- IATA: LRA; ICAO: LGLR;

Summary
- Airport type: Public/Military
- Location: Larissa
- Built: 1912
- In use: Hellenic Air Force
- Occupants: 110th Combat Wing
- Elevation AMSL: 207 ft (63 m)
- Coordinates: 39°38′56.76″N 22°27′55.63″E﻿ / ﻿39.6491000°N 22.4654528°E
- Interactive map of Larissa State Airport "Thessaly"

Runways
| Direction | Length |  | Surface |
| ft | m |
| 08/26 | 9,711 | 2,960 | Asphalt |
| 08R/26L | 9,711 | 2,960 | Asphalt |
- Commercial use of the airport until 1997

= Larissa National Airport =

Larissa State Airport "Thessaly" (Κρατικός Αερολιμένας Λάρισσας "Θεσσαλία") was built in 1912. It was the commercial airport of Larissa until 1997 when it closed for civilian traffic. Currently the airport is being used only by military aircraft of the Hellenic Air Force, whose 110th Combat Wing (110 Πτέρυγα Μάχης, 110 ΠΜ) is stationed there. The runways do not have an ILS.

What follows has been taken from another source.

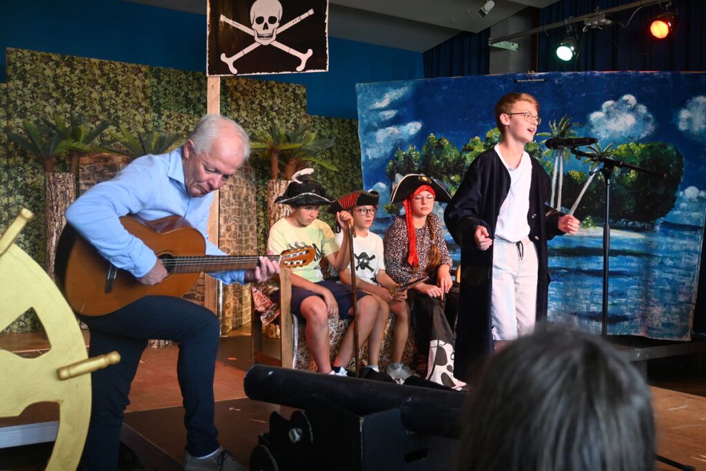 Bad Waldsee – Wer schon lange keine Schule mehr besuchte und dann unverhofft einem Schulmusical beiwohnt, stellt fest, dass die Schule doch ein ganz besonderer Ort ist. Die Schüler der Klassen fünf und sechs, gerade mal zwischen zehn und zwölf Jahren jung, brachten eine tolle musikalische und schauspielerische Leistung auf „die Bretter, die die Welt bedeuten“. Und das war das Besondere an vergangenen Dienstagabend (18.6.): Die Jungen und Mädchen sind noch soweit von dieser unserer Erwachsenen-Welt entfernt. Ihre Schule ist ein Ort der Geborgenheit. Ein Ort des Ausprobierens, des langsam in die Welt Heineinwachsens. Vor allem, wenn sie von zwei Lehrern wie Thomas Volkwein und Ernst Greinacher angeleitet werden.

== Location of the airport ==
The airport is very close to the city and to the suburban railway line to Thessaloniki (3 km).

==USAF==
In May 2018, it was announced that US Air Force (USAF) MQ-9 Reaper drones were temporarily based at Larissa while their usual base in Africa was being updated, according to a Pentagon spokesman, Eric Pahon. Although he declined to say which base was the normal site for MQ-9s, it is known that the USAF has been expanding facilities for MQ-9s at Nigerien Air Base 201 (Agadez) in Niger. US assistant secretary of state for European and Eurasian affairs A. Wess Mitchell also discussed the possibility of relocating a significant portion of US military assets to the premises.